第20話 入寮


「質問してもいいかな?」


 フェイが手を上げた。



「なんじゃ?」


「アレンを推薦って、具体的にどうすればいいの?」


「何も難しいことはない。

 わしに、アレン・ロヴェーヌをクラスメイトとして認めると、伝えればいい。

 …偶然にも、このクラスには貴族と準貴族しかおらん。

 自分自身の人物眼を信じても良いし、個人的な思いや、家としての判断、その他あらゆる事を勘案してよい。

 その結論に、わしは一切の是非を問わん事を、ここに付け足しておこう」



「…なるほどね」


 フェイは席を立ち、右手を胸に当てた。


「フェイルーン・フォン・ドラグーンは、この名にかけて、アレン・ロヴェーヌを、このユグリア王立騎士魔法士学園の一年Aクラスに相応しい人物として推薦する」



「しかと聞き届けた」



 ふん。


 フェイが俺を推薦するのは予見できたことだ。


 だが、いくらフェイでも、ここから逆転の目は無い。


 この危険人物フェイから離れられる。


 その一点だけでも、俺がEクラスに移籍する動機としては十分だ。


 しかし、やっぱりAクラスには貴族しかいないのか…

 前世でも、学力には家の経済力が直結すると言われていたからな…

 世知辛いが、これが現実だ。



 と、そこで、先程の自己紹介でフェイが迫真の演技をかましていた時に、嫉妬に駆られていた真面目そうな男が立ち上がった。



「フェイ様!

 一体何を考えておられるのですか!

 いくらドラグーンの寄り子とはいえ、貧乏子爵の三男坊ごときを、不正疑惑の真偽も問いたださぬまま、家名を出して推挙するなど…!

 先程からの、目に余るフェイ様への傍若無人な態度をみても、山師の類に決まっています!


 ドラグーンの家名に傷がついたらどうするおつもりですか!

 この件は、ご当主様にご報告いたしますよ!」



 あーなるほど、分家だか陪臣の家だか、名門伯爵あたりの寄り子だかは分からんが、いわゆる付き人とかお目付役の人ね。

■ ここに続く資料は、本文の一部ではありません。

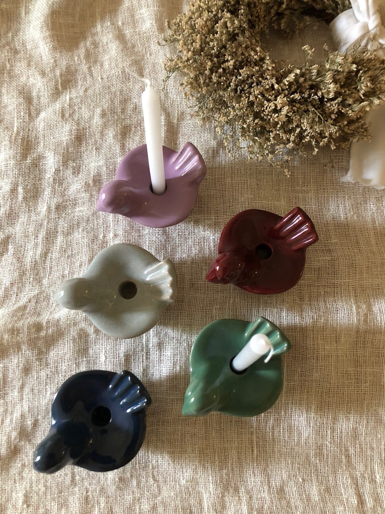 スモーキーなグリーンの鳥が可愛いらしい陶器のキャンドルスタンドです。
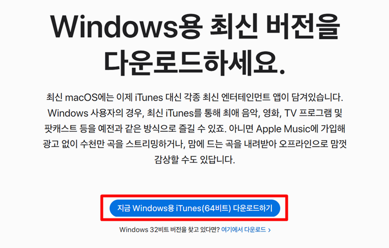 3. 이렇게 윈도우용 아이튠즈를 선택하면 마이크로소프트 스토어를 거치지 않고 바로 설치 파일을 받을 수 있는 버튼이 나옵니다. 이 버튼을 눌러서 설치 파일을 다운로드하면 바로 설치할 수 있어요.

 フェイと同じAクラスに入るために、さぞかし努力したのだろう。



 くっくっく。


 それは、さぞ俺のことが気に入らないだろうなぁ。



 手札が一枚増えた事にアレンは満足した。



「僕がわざわざ家名を出したのは、僕個人ではなく、ドラグーン侯爵家として、アレンを推薦すべきだと判断したからだよ?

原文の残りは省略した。